- UK theatrical release poster
- Directed by: Pete Walker
- Written by: Murray Smith
- Produced by: Pete Walker Ray Selfe
- Starring: Leena Skoog Tristan Rogers Karen Boyes Robin Askwith
- Cinematography: Peter Jessop
- Edited by: Matt McCarthy
- Music by: Harry South
- Production company: Peter Walker (Heritage)
- Distributed by: Hemdale (UK)
- Release date: 23 May 1972 (UK);
- Running time: 85 minutes
- Country: United Kingdom
- Language: English

= Four Dimensions of Greta =

1972 British film by Pete Walker

Four Dimensions of Greta (also known as The Three Dimensions of Greta) is a 1972 British sex comedy film directed and produced by Pete Walker and starring Leena Skoog and Tristan Rogers. It was written by Murray Smith.

It features four 3-D film sequences. The tagline on the poster read, "A girl in your lap".

==Plot==
Hans, a young German journalist arrives in London to write an article about au pair girls but is requested by friends to investigate the whereabouts of their teenage daughter Greta. He interviews four individuals who all paint distinctly different pictures of the missing girl – each revealing a different aspect. These reminiscences constitute the film's 3-D sequences. Hans finally tracks down Greta and discovers she has been kidnapped by an East End gangster.

==Cast==

- Tristan Rogers as Hans Weimar
- Karen Boyes as Sue
- Alan Curtis as Carl Roberts
- Leena Skoog as Greta Gruber
- Robin Askwith as Roger Maidment
- Bill Maynard as Big Danny
- Kenneth Hendel as Percy
- Martin Wyldeck as Schikler
- Ivor Salter as hotel porter
- Pearl Hackney as Frau Gruber
- John Clive as Phil the Greek
- Nik Zaran as Johnny Maltese
- Carole Allen as Mrs Marks
- Ralph Ball as Fred Sharprock
- Derek Keller as footballer
- Elizabeth Bradley as Frau Schikler
- Marion Grimaldi as American woman
- Godfrey Kenton as Gruber
- Tom Mennard as Manchester businessman
- Erika Raffael as Karen Gruber
- Max Mason as policeman
- Felicity Devonshire as Serena
- Steve Emerson as villain
- Jane Cardew as Kirsten
- Minah Bird as Cyn
- Mike Stevens as policeman
- Richard O'Brien as degenerate
- Les Clark as Police Sergeant
- Steve Patterson as hippie
- Mike Brittain as hippie
- Pete Walker as waiter

==Production==
The film was shot on location in London, England and Berlin, Germany.

==Critical reception==
Monthly Film Bulletin said "Tepid and tedious sexploitation picture unredeemed either by its intermittently tongue-in-cheek approach or by its much-publicised use of three-dimensional effects. The latter are in fact confined to four black-and-white flashback sequences featuring some innocuous nudity, much pointless and exaggerated in-depth staging, and an incessant trick of getting characters to hold objects at arm's length in front of the camera lens."

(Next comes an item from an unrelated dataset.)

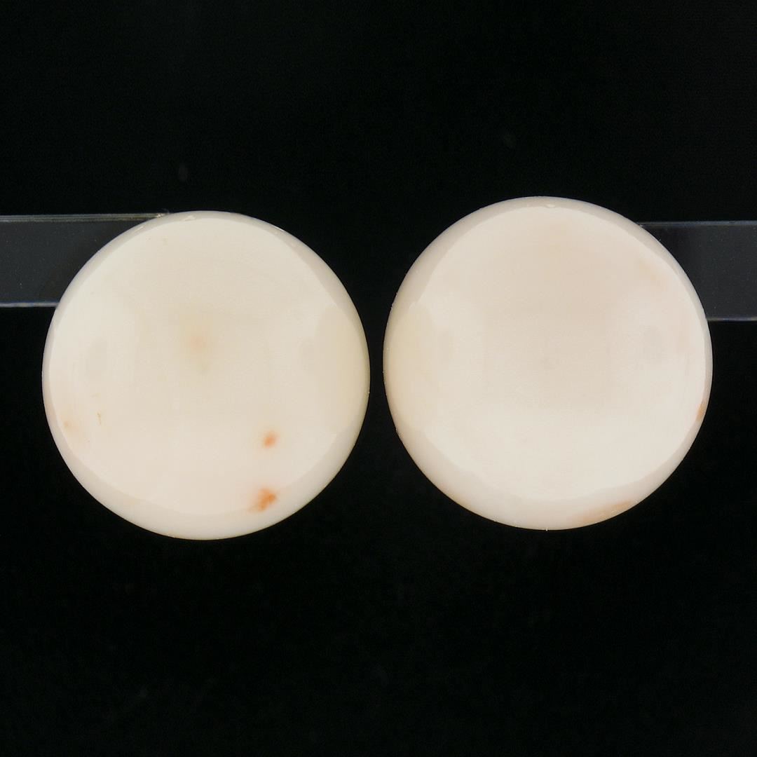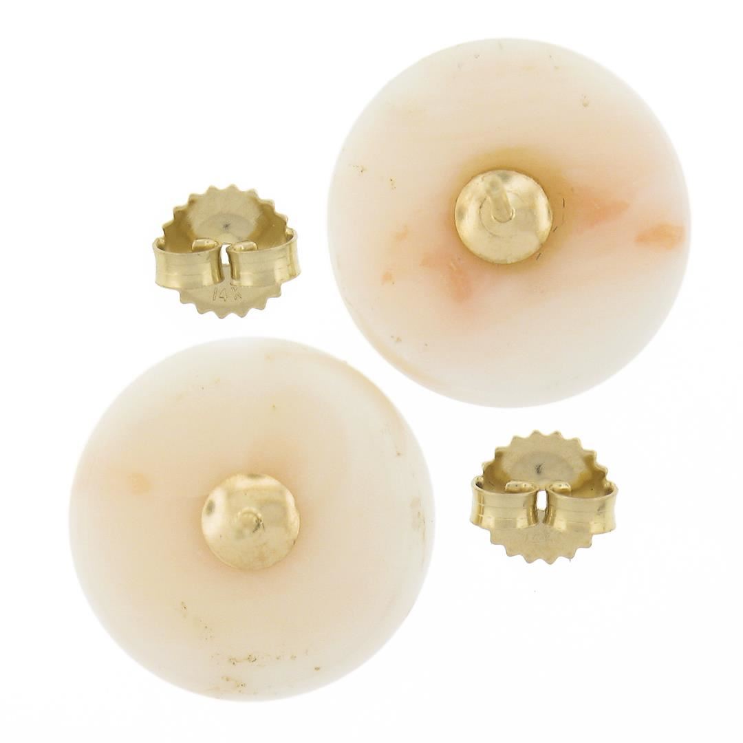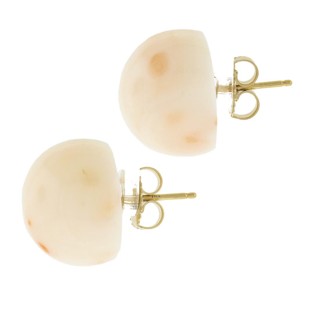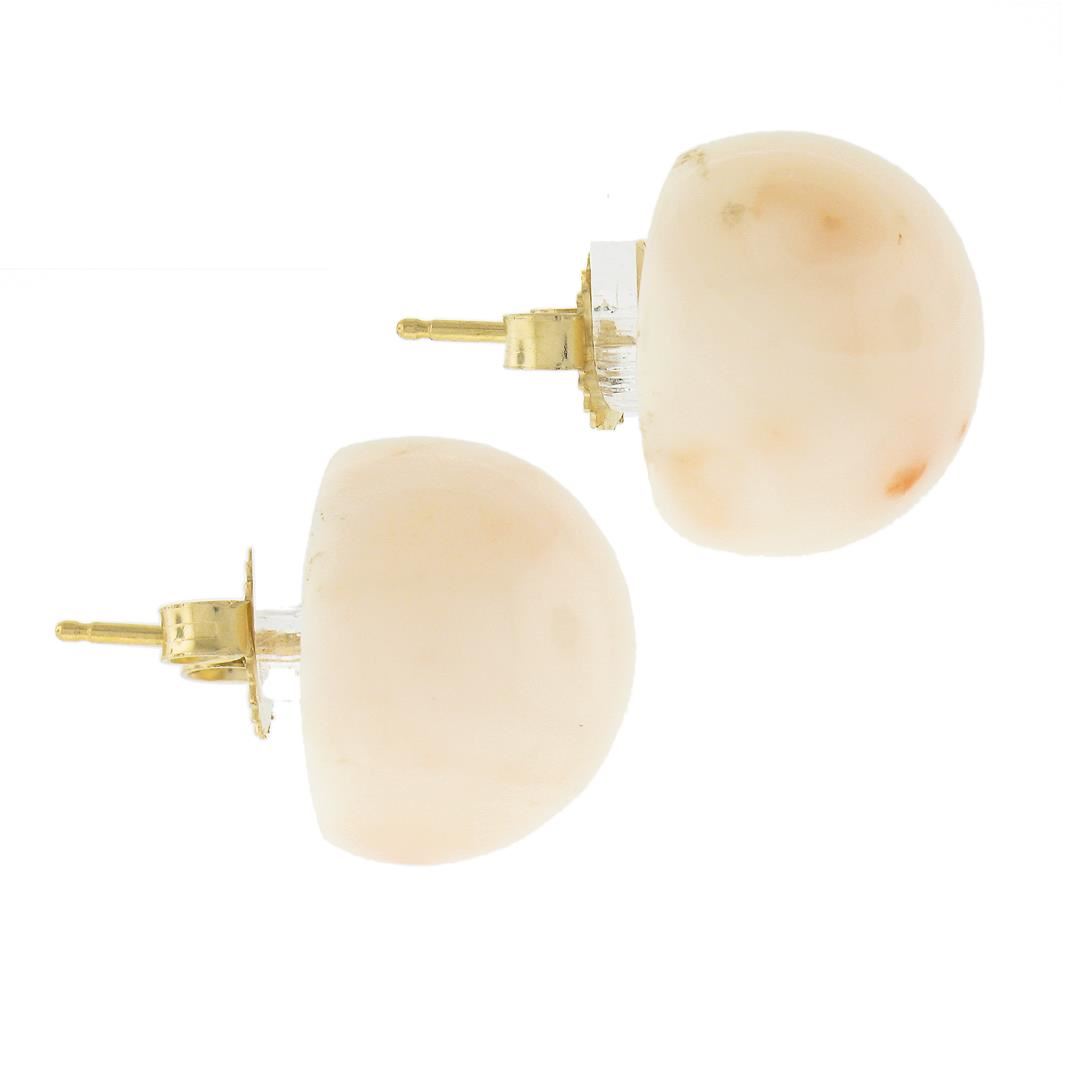A solid 14k yellow gold button stud earrings, with 2 bead ball natural coral (15mm). The earrings measure approximately 15mm in diameterand weigh a total of 8.20 grams.

The Spinning Image wrote, "thrusting a banana at the camera is evidently not as erotic as director Pete Walker might have hoped."

The Digital Fix noted an "amusingly daft sex film"

DVD Drive-in said, "although the title boasts '3-dimensional,' the characters are almost all 1-dimensional as only Robin Askwith (star of Horror Hospital and numerous Confessions and Carry On flicks) turns in a memorable performance as a shabby footballer romantically tied to Greta."